An increase in the PLD of marine organisms, even by a small amount, may have serious demographic consequences for a species because of the extremely high mortality rates of larvae (Houde, 1987; Bertram and Leggett, 1994). All else being equal, this would be expected to reduce the number of larvae surviving to age at metamorphosis and, consequently, lower recruitment success (Leggett and Deblois, 1994; Bergenius et al., 2002). Conversely, being larger and with better body condition may confer advantages during the first few days after metamorphosis and settlement when mortality can also be extreme (Perez-Dominguez and Munch, 2010). Longer PLDs could also lead to increased dispersal (Lester et al., 2007; Shanks, 2009). If so, increases in sediment may alter patterns of population connectivity on coastal reefs.

In our experiment, delayed metamorphosis and changes in growth and condition occurred at relatively low levels of suspended sediment.

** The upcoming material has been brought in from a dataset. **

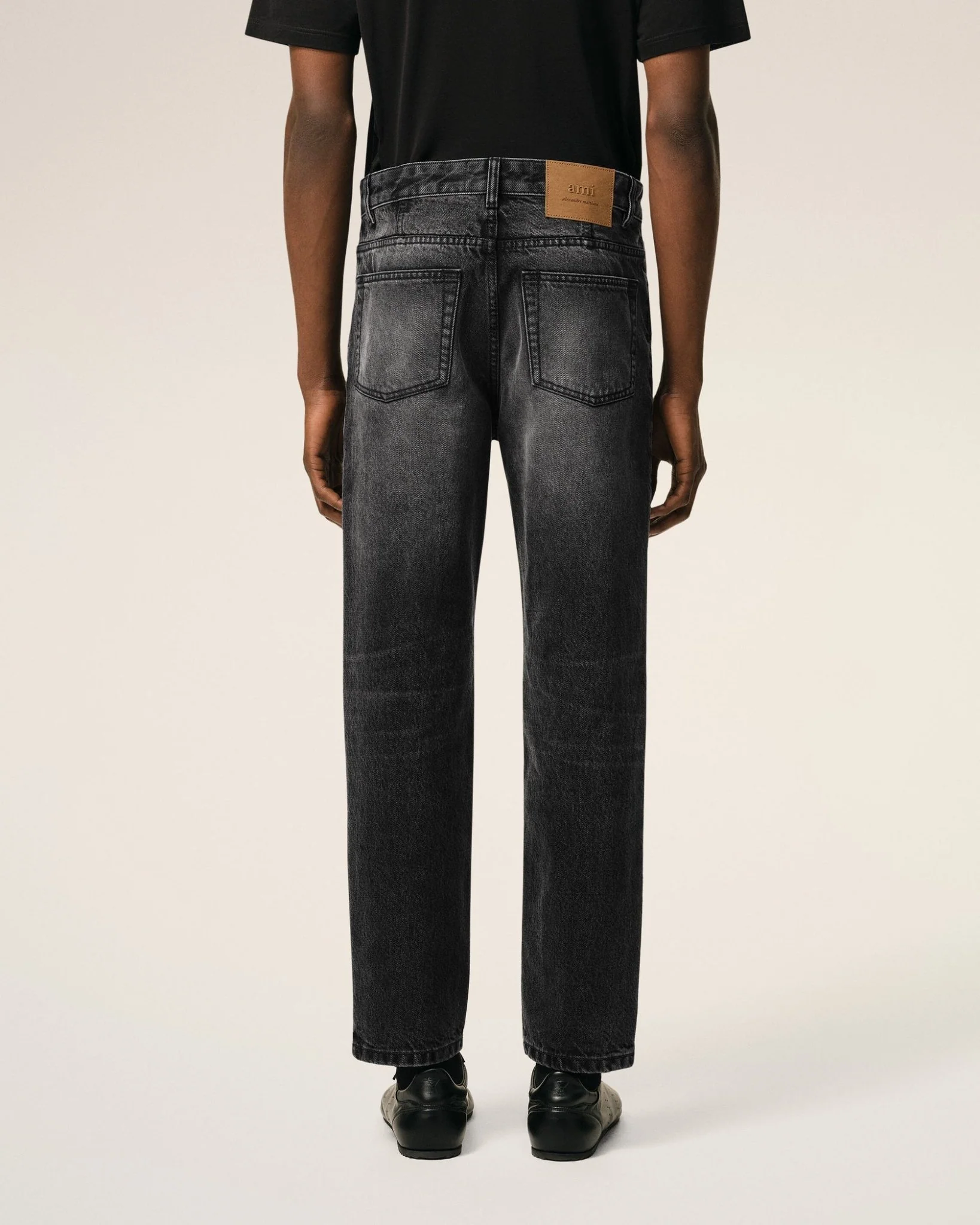 Denim indigo noir offrant une bonne tenue et une patine progressive, fidèle à l’ADN contemporain de AMI Paris.

Exposure to such levels should be commonplace for communities on coastal reefs as peak fish recruitment overlaps with the wet season in both the Caribbean (Sponaugle and Cowen, 1996; Enfield and Alfaro, 1999) and the Great Barrier Reef (McCormick, 2003; Brodie et al., 2007). The effect of suspended sediment on coral reef fish larvae may be one of the driving mechanisms underlying distribution patterns seen across tropical continental shelves, from inner to outer reefs (Letourneur et al., 1998; Mallela et al., 2007). The increase in sediment loads is likely to affect both spatial and temporal patterns of coral reef fish distributions by reducing the number of coral reef fish larvae that can successfully settle on reefs experiencing elevated concentrations of suspended sediment (Wenger et al., 2011; Wenger and McCormick, 2013).

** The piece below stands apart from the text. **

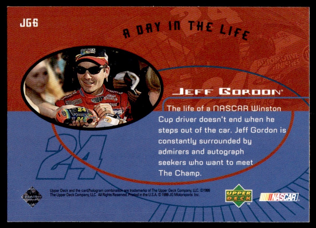 1999 Upper Deck Road To The Cup A Day In The Life JG6 Jeff Gordon

At this stage it is not known why larvae exposed to sediment have a longer development period. Therefore, what follows is a discussion on the potential mechanisms that could be driving the delay in reaching this developmental stage. Delays in metamorphosis have previously been described as a reduced growth rate once competency is reached, wherein the fish take the same amount of time to reach competency but then delay metamorphosis and continue to exist as larvae (Cowen, 1991; McCormick, 1999). Based on this definition of competency, it appears that the fish in the current study are delaying metamorphosis upon reaching competency. The fish in the sediment treatments were generally older, longer and heavier at metamorphosis than the fish in the control treatment, indicating that they have surpassed a critical threshold for competency according to the above guidelines.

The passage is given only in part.